##### SOURCE MATERIAL
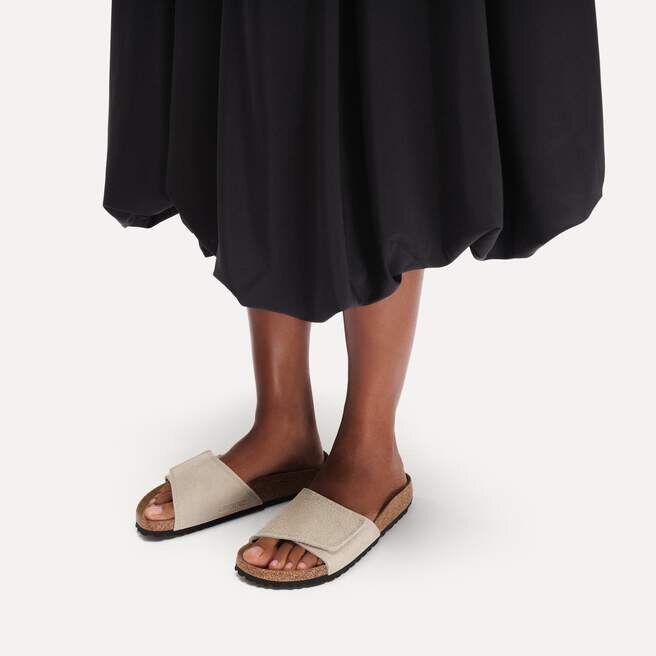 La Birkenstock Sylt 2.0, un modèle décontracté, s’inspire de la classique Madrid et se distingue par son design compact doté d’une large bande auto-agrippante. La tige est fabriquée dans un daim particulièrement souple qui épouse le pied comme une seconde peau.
##########
##### SOURCE MATERIAL
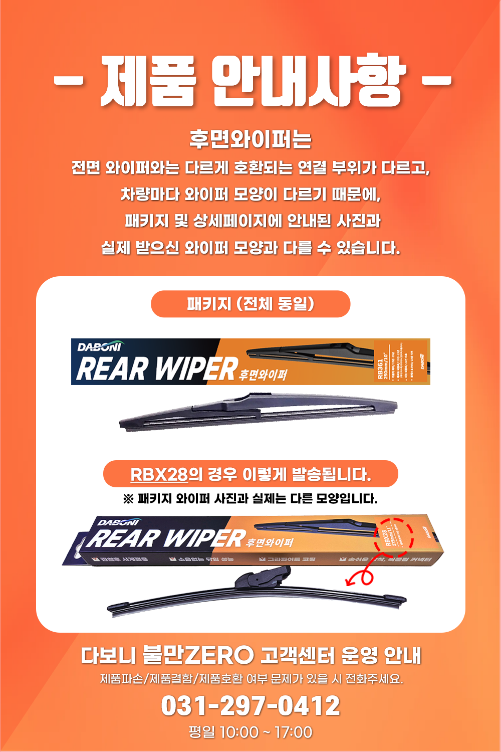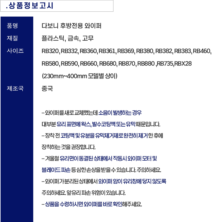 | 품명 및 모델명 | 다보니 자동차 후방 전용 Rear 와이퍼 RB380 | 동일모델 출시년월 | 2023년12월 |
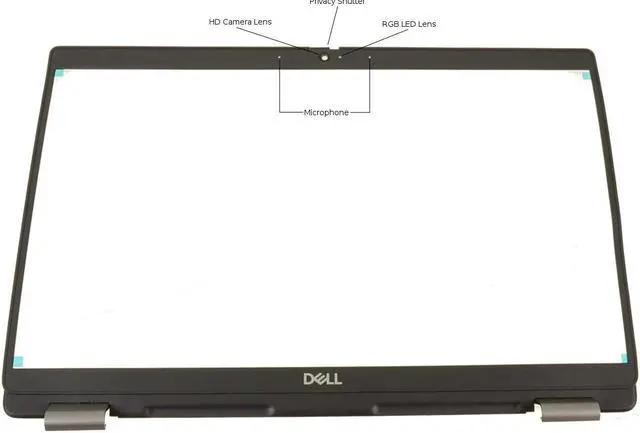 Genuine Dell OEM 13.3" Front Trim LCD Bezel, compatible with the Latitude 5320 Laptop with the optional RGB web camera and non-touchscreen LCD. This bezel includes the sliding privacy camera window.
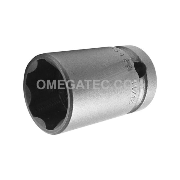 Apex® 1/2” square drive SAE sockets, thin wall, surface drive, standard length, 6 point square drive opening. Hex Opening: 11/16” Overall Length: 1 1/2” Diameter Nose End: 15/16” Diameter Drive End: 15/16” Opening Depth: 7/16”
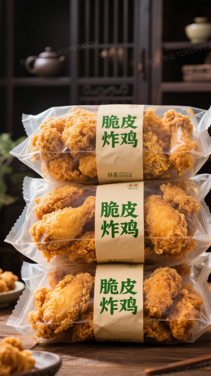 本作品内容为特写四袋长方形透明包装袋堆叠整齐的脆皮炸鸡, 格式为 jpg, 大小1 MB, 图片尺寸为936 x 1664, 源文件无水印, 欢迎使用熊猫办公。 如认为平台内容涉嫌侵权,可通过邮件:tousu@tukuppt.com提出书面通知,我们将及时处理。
##########
##### SOURCE MATERIAL
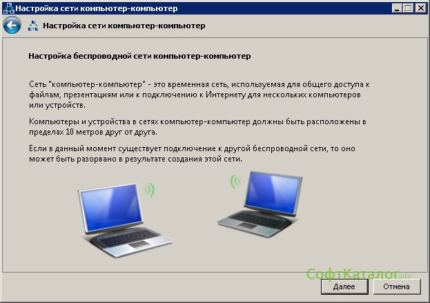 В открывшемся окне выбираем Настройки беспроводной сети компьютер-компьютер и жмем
##########
→ TASK GOAL: Exact copy, pictures excluded: every line above from the one containing "출시년월 | 2023년12월 |" to the one containing "本作品内容为特写四袋长方形透明包装袋堆叠整齐的脆皮炸鸡, 格式为 jpg, 大小1", inclusive, and nothing more.

→ TASK RESPONSE:
 | 품명 및 모델명 | 다보니 자동차 후방 전용 Rear 와이퍼 RB380 | 동일모델 출시년월 | 2023년12월 |
 Genuine Dell OEM 13.3" Front Trim LCD Bezel, compatible with the Latitude 5320 Laptop with the optional RGB web camera and non-touchscreen LCD. This bezel includes the sliding privacy camera window.
 Apex® 1/2” square drive SAE sockets, thin wall, surface drive, standard length, 6 point square drive opening. Hex Opening: 11/16” Overall Length: 1 1/2” Diameter Nose End: 15/16” Diameter Drive End: 15/16” Opening Depth: 7/16”
 本作品内容为特写四袋长方形透明包装袋堆叠整齐的脆皮炸鸡, 格式为 jpg, 大小1 MB, 图片尺寸为936 x 1664, 源文件无水印, 欢迎使用熊猫办公。 如认为平台内容涉嫌侵权,可通过邮件:tousu@tukuppt.com提出书面通知,我们将及时处理。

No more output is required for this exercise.